Evil Dead has the highest Critical (81.5) and Audience scores (77.25) to go along with with the rise in box office. A cool fact is that Evil Dead 2 (1987) has a higher critic/audience score than Evil Dead (1981). The only other horror sequels to do this are Aliens, Scream 2, Piranha 3D and Final Destination 2,3 & 5. Another cool fact about The Evil Dead franchise is that it is the highest customer rated horror series on Amazon (84.5). Consumers love Evil Dead and its endless barrage of special edition DVDs (Hello Boomstick Edition in a primitive screwhead steelbook case).

Evil Dead’s ROI was not the highest and the average ($24,129,525) doesn’t compare with the bonkers ROI/averages of Paranormal Activity or The Texas Chainsaw Massacre franchises. However, it is second highest in series box office averages compared to the original (+23,000,000).

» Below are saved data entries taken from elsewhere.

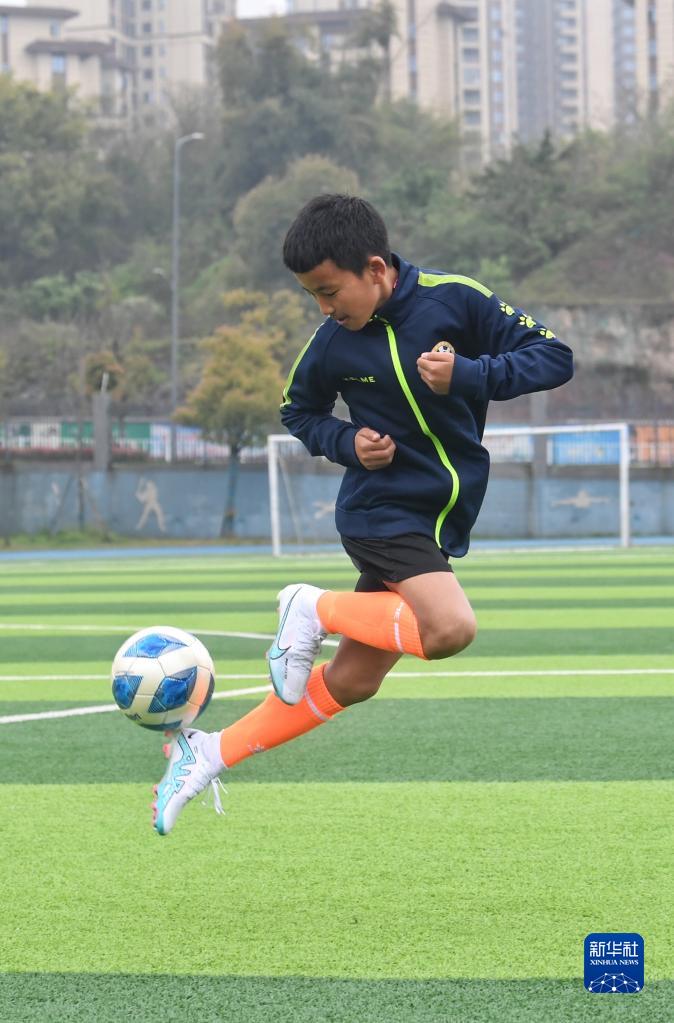 在瀘州天立春雨學校足球場,來自涼山彝族自治州的楊坤在進行訓練(3月29日攝)。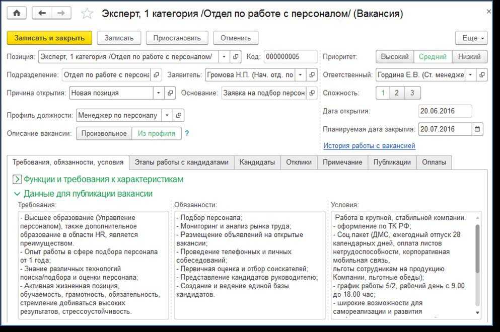 Рис.12. Вкладка «Вакансия» в программе «1С:ЗУП 8.3»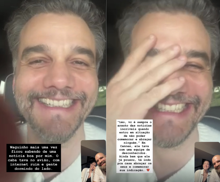 "Waguinho, mais uma vez, ficou sabendo de uma notícia boa por mim. Em Cannes, ele tava com uma equipe de desconhecidos. Ainda bem que ele já pousou, tá indo pra casa abraçar os seus e comemorar sua indicação", disse Leonardo.
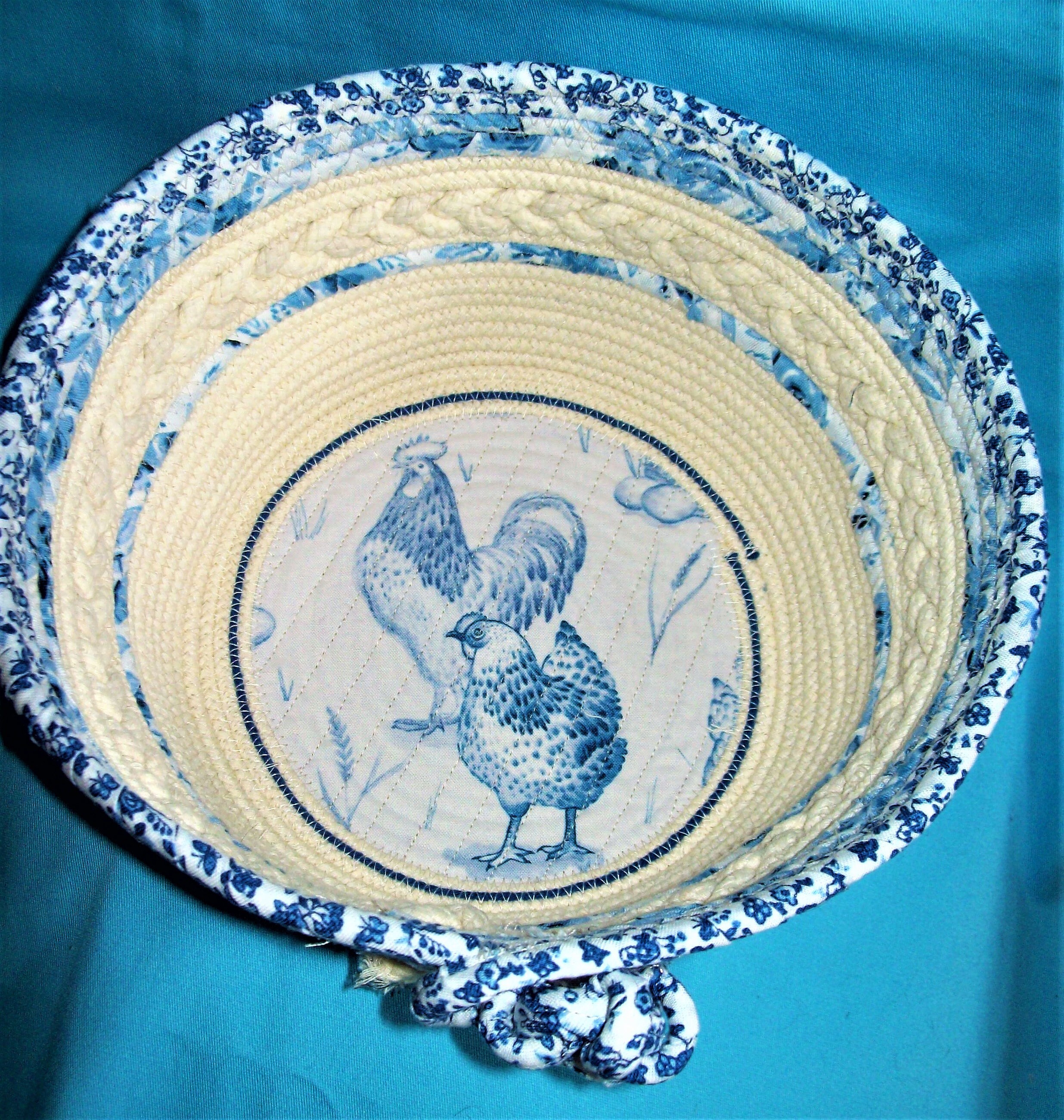 "Chickens Rope Bowl" SIZE: 9" rim, 6" base, 5" tall

The only four series to have positive averages compared to the original are Hannibal (+140), Evil Dead (+23), Nightmare on Elm Street (+13) and Resident Evil (+2).

Here is an example.

Jaws Box Office ($1,040,000,000)   >  Jaws II-IV Averaged Box Office ($143,402,330)   = Ouch

Evil Dead 2, Army of Darkness and Evil Dead (2013) Average Box Office ($30,110,466)   > Evil Dead Box office ($6,186,700)  = Groovy

The positive average over the original is important because it proves the series has legs and a chainsaw arm. Many horror series had massive first films (Exorcist, Jaws, Psycho, Alien, Poltergeist, Texas Chainsaw Massacre, Halloween, Amityville Horror, Poltergeist) then suffered from box office declines with each subsequent film. Their overall averages may be buoyed by big first installments but successful franchises improve or hold their budgets.

image (1)

The only negative of the Evil Dead series is that Army of Darkness only made $12.5 million on a $13 million dollar budget. Making up for the $500,000 loss is the fact that AoD has the highest critic/audience rating of any third franchise film (80.25). It beat out stalwarts like Day of the Dead (78.25) and Nightmare on Elm Street: Dream Warriors (72). Critics and audiences love Ash and the fact that he can’t remember three words to save a kingdom.

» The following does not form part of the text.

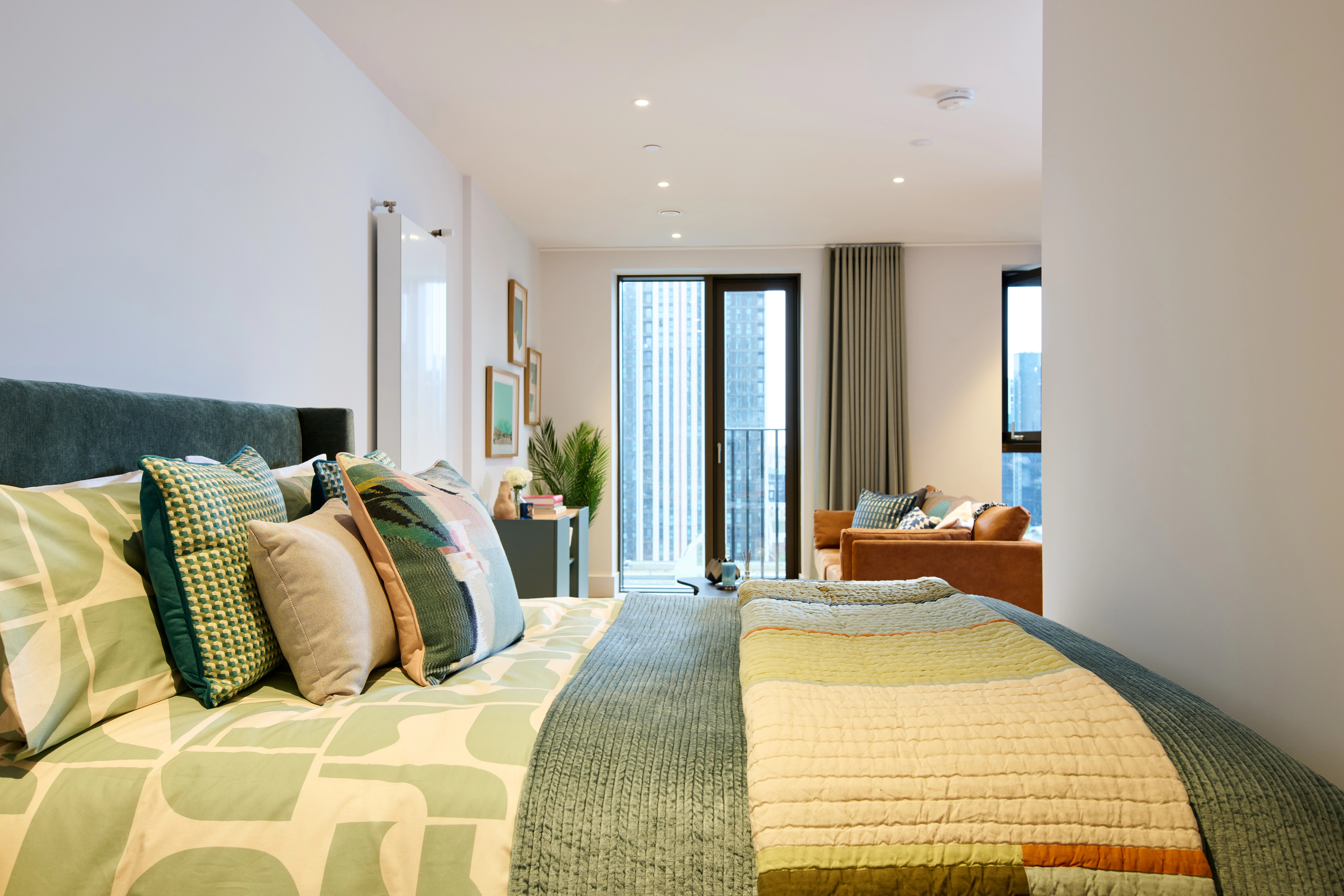 Flooded with natural light and set against the shimmering waters of Wood Wharf, these studios feel bright and inviting.

Fede Alvarez’s The Evil Dead (2013) had the fifth highest MFFM score amongst remakes and ranked #2 behind Dawn of the Dead as the highest critic/audience rated franchise remake. It is one of three remakes (NOES, Dawn of the Dead) that made more than the original and it has the largest box office percentage over the original (8.9). It is the rare remake that doesn’t feel like a shiny recreation of the first film. It has glorious practical effects and switches the hero effectively.

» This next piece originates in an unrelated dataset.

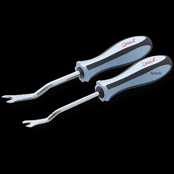 ディーン DEEN クリップリムーバーセットサイズ:工具サイズ:6mm、10mm【セット内容】クリップリムーバー×2本【特長】Deen製のクリップリムーバー2本セットです。長い年月と驚くほどの試作を重ねて、日本人の手に馴染む形と使用感を追求しました。Deenドライバーシリーズと同じグリップを採用してます。外装作業やカプラ外しなどに重宝致します。正しい使用用途、およびトルク管理のもとご使用下さい。近似値ボルトへの代用や、打撃使用は破損の原因になります。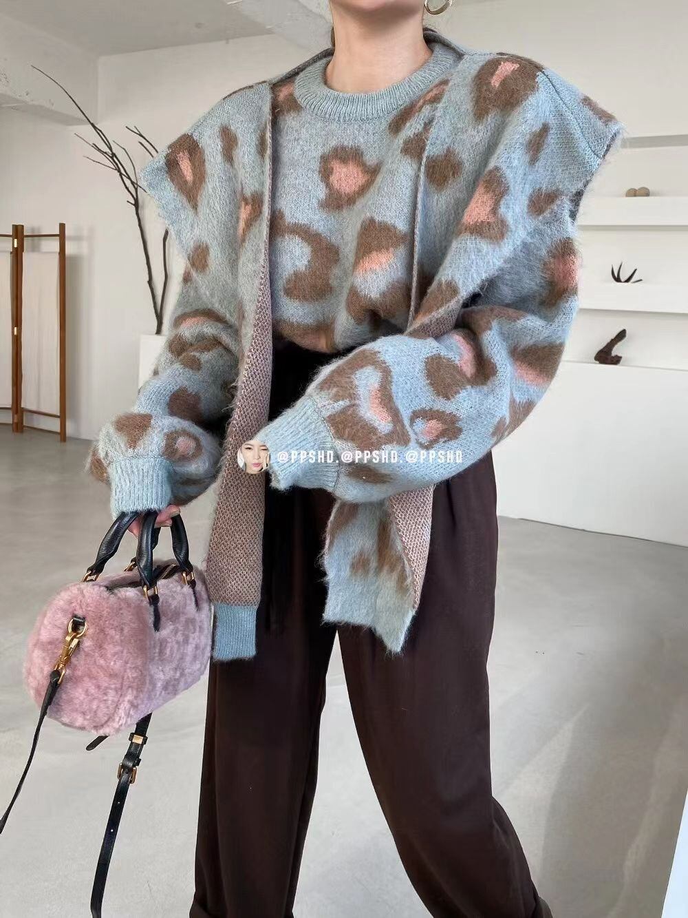 冬ルース長袖ヒョウセーターショールセーター Y2k 服 2 点セットプリント長袖トップ ロング ウィンター 冬物

There are franchises (NOES, PA, Friday the 13th, Saw, Hellraiser, Omen) that made their budgets back every time. However, their steep declines from film to film and low critic/audience scores can’t buoy them in the long term. Evil Dead has proven itself to be ingrained in the zeitgeist (can’t wait for the show) and gives the viewer the best bang for their buck. Sam Raimi and crew deserve a round of applause because they created an unstoppable Juggernaut. 

Congrats Ash!

Vote and let me know your favorite franchise! I will post the results next week so make sure to follow MFF on twitter (@MoviesFilmsFlix) or Facebook! Thanks for reading!

47 Comments leave one →
  1. October 1, 2015 9:09 pm

    I always have, and will be, a mega fan of the evil dead franchise. Every movie that is made from that series is amazing. I am really looking forward to part two.